OpenACC Fortran 循环中的顺序 dot_product
Sequential dot_product in OpenACC Fortran loop
在 Fortran 程序中,我有一个大循环,其中有几个 dot_product
调用循环内生成的小向量:
program test
implicit none
real :: array1(2, 2), array2(2, 2), res(2)
real :: subarray1(2), subarray2(2)
integer :: i
array1 = 1
array2 = 2
!$acc data copyin(array1, array2) copyout(res)
!$acc kernels
!$acc loop independent private(subarray1, subarray2)
do i = 1, 2
subarray1(:) = array1(:, i)
subarray2(:) = array2(:, i)
res(i) = dot_product(subarray1, subarray2)
enddo
!$acc end kernels
!$acc end data
print "(2(g0, x))", res
endprogram
当使用 PGI 编译器编译时,dot_product
的加速实现似乎使用了加速循环,因此阻止了更好地加速主循环(在 gang 和 vector 上):
test:
11, Generating copyin(array1(:,:)) [if not already present]
Generating copyout(res(:)) [if not already present]
Generating copyin(array2(:,:)) [if not already present]
14, Loop is parallelizable
Generating Tesla code
14, !$acc loop gang ! blockidx%x
15, !$acc loop vector(32) ! threadidx%x
17, !$acc loop vector(32) ! threadidx%x
Generating implicit reduction(+:subarray1$r)
14, CUDA shared memory used for subarray2,subarray1
15, Loop is parallelizable
17, Loop is parallelizable
如日志中所示,它对循环专用向量使用隐式缩减和共享内存。
有没有办法强制 dot_product
按顺序变为 运行?
Is there a way to force dot_product to run sequentially?
只要您不介意数组语法也是 运行 顺序的,只需将“gang vector”添加到循环指令即可。
% cat test.f90
program test
implicit none
real :: array1(2, 2), array2(2, 2), res(2)
real :: subarray1(2), subarray2(2)
integer :: i
array1 = 1
array2 = 2
!$acc data copyin(array1, array2) copyout(res)
!$acc kernels loop gang vector private(subarray1, subarray2)
do i = 1, 2
subarray1(:) = array1(:, i)
subarray2(:) = array2(:, i)
res(i) = dot_product(subarray1, subarray2)
enddo
!$acc end data
print "(2(g0, x))", res
endprogram
% nvfortran -acc -Minfo=accel test.f90
test:
11, Generating copyin(array1(:,:)) [if not already present]
Generating copyout(res(:)) [if not already present]
Generating copyin(array2(:,:)) [if not already present]
13, Loop is parallelizable
Generating Tesla code
13, !$acc loop gang, vector(32) ! blockidx%x threadidx%x
14, !$acc loop seq
16, !$acc loop seq
13, Local memory used for subarray2,subarray1
14, Loop is parallelizable
16, Loop is parallelizable
在 Fortran 程序中,我有一个大循环,其中有几个 dot_product
调用循环内生成的小向量:
program test
implicit none
real :: array1(2, 2), array2(2, 2), res(2)

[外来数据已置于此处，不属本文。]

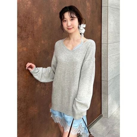 カシミヤ混の柔らかなニットに、サテンキャミワンピースを組み合わせたセットアイテム。ニットは上品な風合いと心地よい肌触りが魅力で、オーバーサイズシルエットによりリラックス感のある着こなしが叶います。サテンキャミワンピースは、アシンメトリーなラインに加え、衿ぐりと裾に繊細なレースをあしらい、センシュアルでフェミニンな佇まいに仕上げました。それぞれ単品でも活躍し、幅広いスタイリングが楽しめます。<b>

real :: subarray1(2), subarray2(2)
integer :: i
array1 = 1
array2 = 2
!$acc data copyin(array1, array2) copyout(res)
!$acc kernels
!$acc loop independent private(subarray1, subarray2)
do i = 1, 2
subarray1(:) = array1(:, i)
subarray2(:) = array2(:, i)
res(i) = dot_product(subarray1, subarray2)
enddo
!$acc end kernels
!$acc end data
print "(2(g0, x))", res
endprogram
当使用 PGI 编译器编译时,dot_product
的加速实现似乎使用了加速循环,因此阻止了更好地加速主循环(在 gang 和 vector 上):
test:
11, Generating copyin(array1(:,:)) [if not already present]
Generating copyout(res(:)) [if not already present]
Generating copyin(array2(:,:)) [if not already present]
14, Loop is parallelizable
Generating Tesla code
14, !$acc loop gang ! blockidx%x
15, !$acc loop vector(32) ! threadidx%x
17, !$acc loop vector(32) ! threadidx%x
Generating implicit reduction(+:subarray1$r)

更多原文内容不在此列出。